** WHAT TO WORK ON **
Would you please copy only the lines from the line that contains "officiant was a" to the end of the data below, exactly, leaving every picture out?

** COLLECTED MATERIAL **
Start of Block

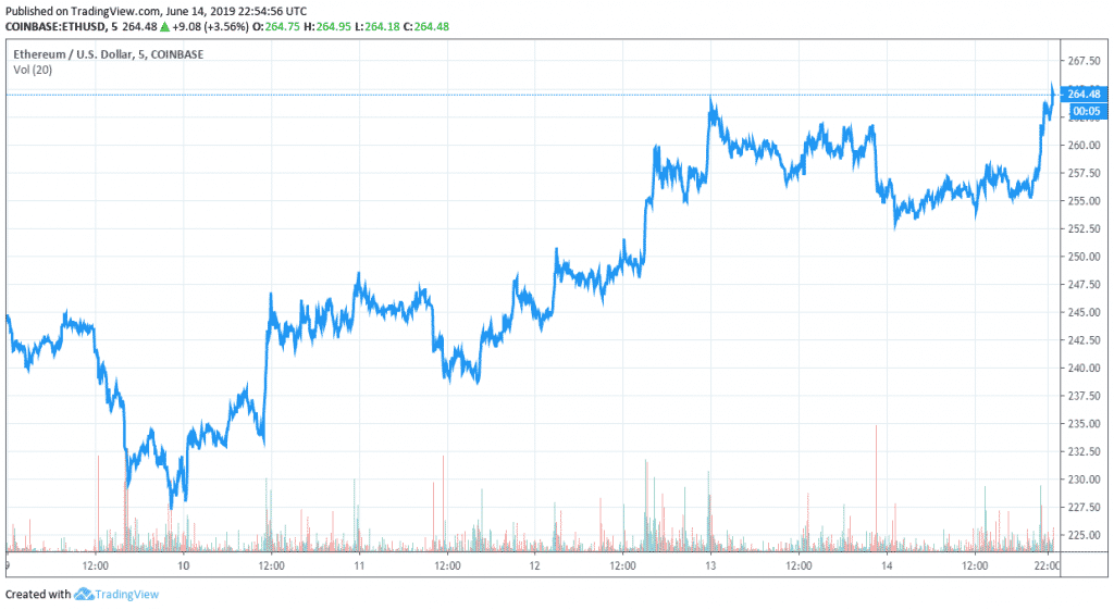 As on June 14, 2019, at 22:54:56 UTC, ETH token is trading at $264.48. There has been an uptrend of over 12% in the last 5 days when the coin value showed a consistent upward movement with few dips and reached as high as $270.14. Currently, it has slowed down a bit, but the week may close on a better note.
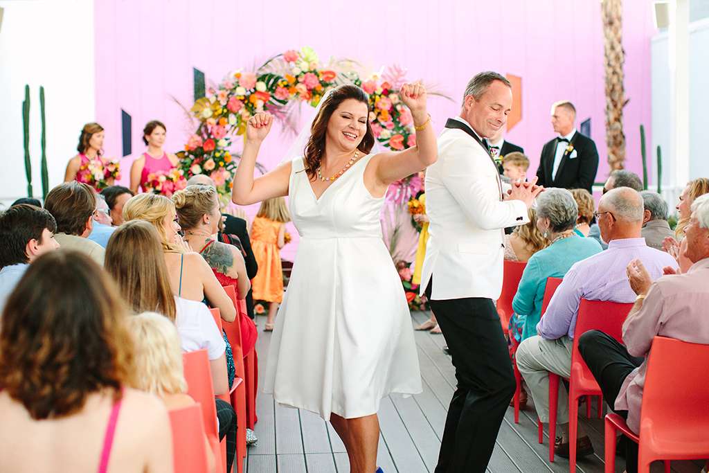 “Our officiant was a friend who has known us since before we got together. We didn’t give him much guidance and he did an amazing job planning the ceremony and keeping the mood just right. When all was said and done, and it was time to get to the party, Mike and I danced down the aisle to You Make Me Feel Like Dancing, and had our wedding party grab their spouses and dance down themselves.”
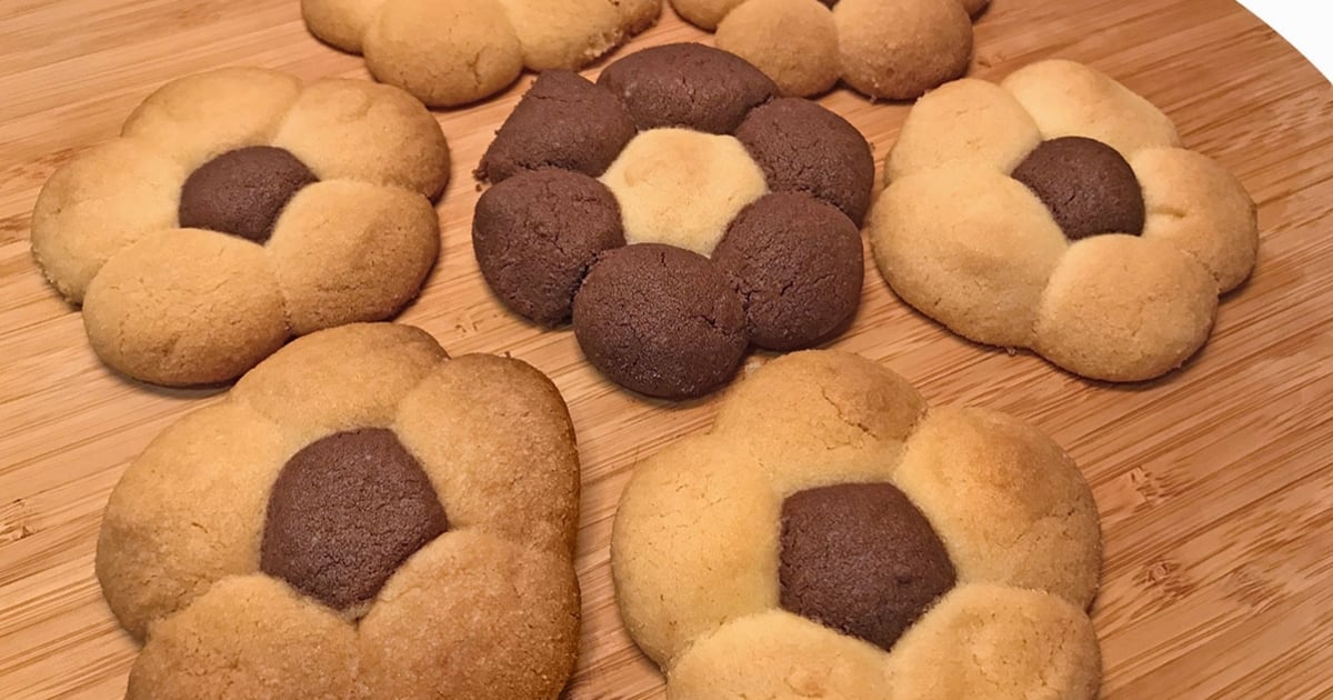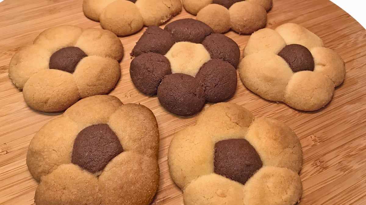 Hazırladığımız iki ayrı kurabiye hamurundan fındıktan biraz büyük parçalar alıyoruz ve avucumuzda yuvarlıyoruz. Daha sonra yuvarladığımız hamurları yağlı kağıt serili fırın tepsisi içine papatya şeklinde birleştiriyoruz ve önceden ısıtılmış 190 derecelik fırında 20 dakika kadar pişiriyoruz.

End of Block

** RESPONSE TO THIS EXERCISE **
 “Our officiant was a friend who has known us since before we got together. We didn’t give him much guidance and he did an amazing job planning the ceremony and keeping the mood just right. When all was said and done, and it was time to get to the party, Mike and I danced down the aisle to You Make Me Feel Like Dancing, and had our wedding party grab their spouses and dance down themselves.”
 Hazırladığımız iki ayrı kurabiye hamurundan fındıktan biraz büyük parçalar alıyoruz ve avucumuzda yuvarlıyoruz. Daha sonra yuvarladığımız hamurları yağlı kağıt serili fırın tepsisi içine papatya şeklinde birleştiriyoruz ve önceden ısıtılmış 190 derecelik fırında 20 dakika kadar pişiriyoruz.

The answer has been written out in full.